This week I learned about the wild wacky world of lambda calculus, and I want to share it with everyone because it’s cool and also kinda stupid, so it should be fun.
If you look up what lambda calculus is, Wikipedia will tell you “Lambda calculus is a formal system in mathematical logic for expressing computation based on function abstraction and application using variable binding and substitution.” Basically, lambda calculus is a really dumb way of saying that it’s a method of computing things using very simple functions. The syntax of performing a function in lambda calculus is literally as simple as it can possibly be because the point of it is to represent complex problems with the most basic functional building blocks there are.
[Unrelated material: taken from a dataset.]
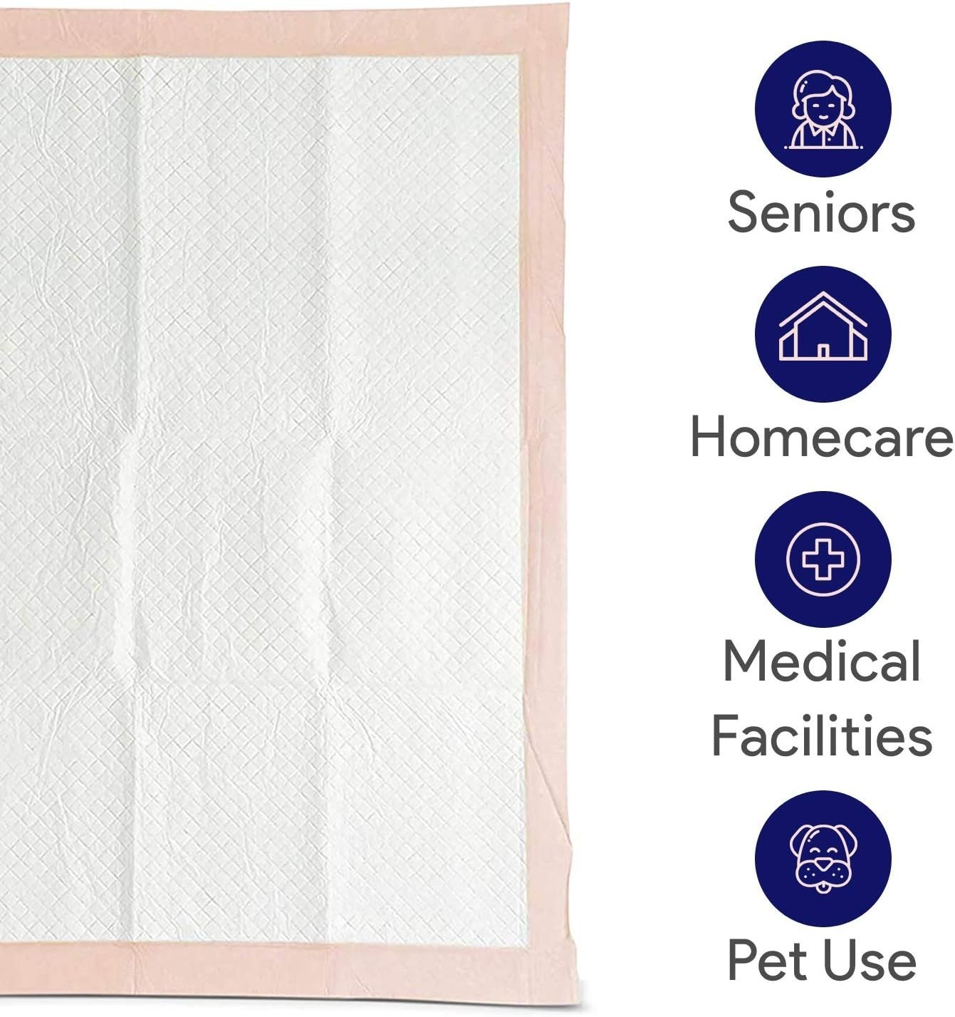 PREMIUM QUALITY: Ultra thick, absorbent, and soft, these peach colored pee pads can be used for homecare, medical facilities, and more. They measure 30" x 36", are latex free, and skin friendly.

There are only three rules that define what a “lambda term” is, and they go as follows:
Any variable x is a lambda term
If t is a lambda term, so is λx.t (this is called abstraction)
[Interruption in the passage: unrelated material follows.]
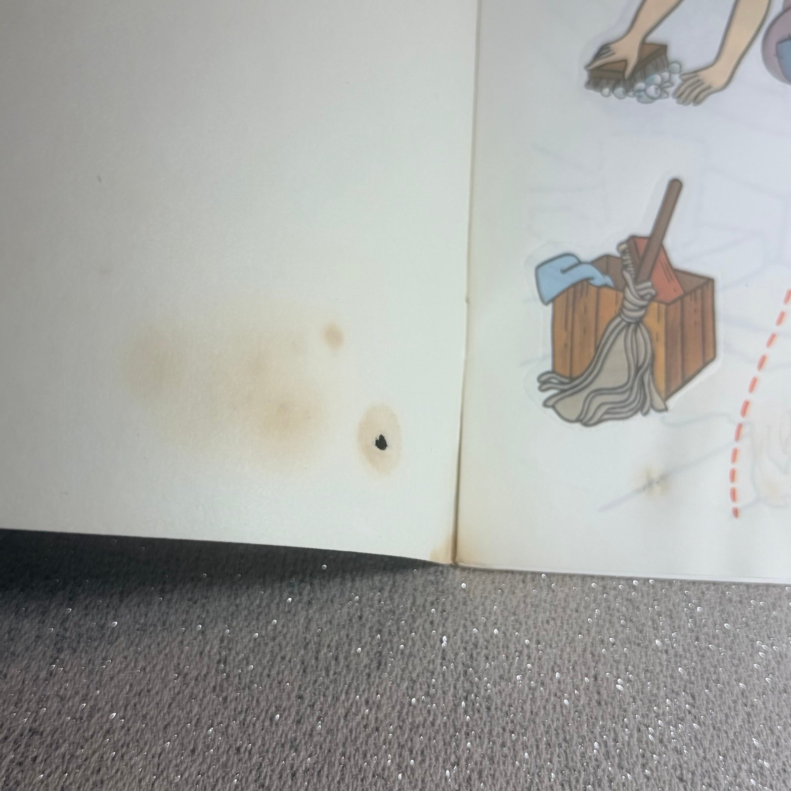 These are the old school lick, stick and color books! All pages are intact, no writing or coloring. All stickers are still on the perforated pages. The covers are bright and the bindings have not been broken. Normal wear from storage.

If t1, t2 are lambda terms, so is t1 t2 (this is called application)
These three sentences obviously make little to no sense at all, and I don’t know why they’re the first thing that everyone says when they’re introducing this subject. I prefer to think of the syntax of lambda calculus in more concrete terms. Here’s how I think about it:
The expression λx.t is a function that takes in a variable x as an input and returns a different variable t as an output
The expression t1 t2 means that you are applying a function t1 to the variable t2
Knowing this, we can start to see how functions will be evaluated. For example, the identity function, which takes in an input and then returns that same input, would be written as λx.x, because this function takes in a variable x and then returns that variable x as its output. What comes after the lambda symbol but before the period is an input, and what comes after the period is the output. To put a value into a function we write (λx.x) y which is the same as having written t1 = λx.x and t2 = y, evaluate t1 t2. The applied function (λx.x) y will return the value y because it takes the value y into the function’s input and then the function returns the input it was given as an output.
To look at a more complicated example, we can write a function with two inputs, (λx y.x y). This function will take in two inputs, x and y, and then return the function x applied to the value y. If we wanted to give some sample inputs to this function we could say (λx y.x y) (λa.a) b. Function application is left associative, so the expressions to the left are resolved before the ones to the right. That means, instead of putting b into the identity function (λa.a), we put the function (λa.a) and value b into the function (λx y.x y) as the inputs x and y respectively. This function application can then be simplified like this:
(λx y.x y) (λa.a) b
(λa.a) b
b
I think that next week I’ll get more into why this is actually cool and not just weird and confusing. We can build up all of modern computation from these simple functions, but for now, I’ll leave you with just the syntax and an idea of how to solve the equations you’re given.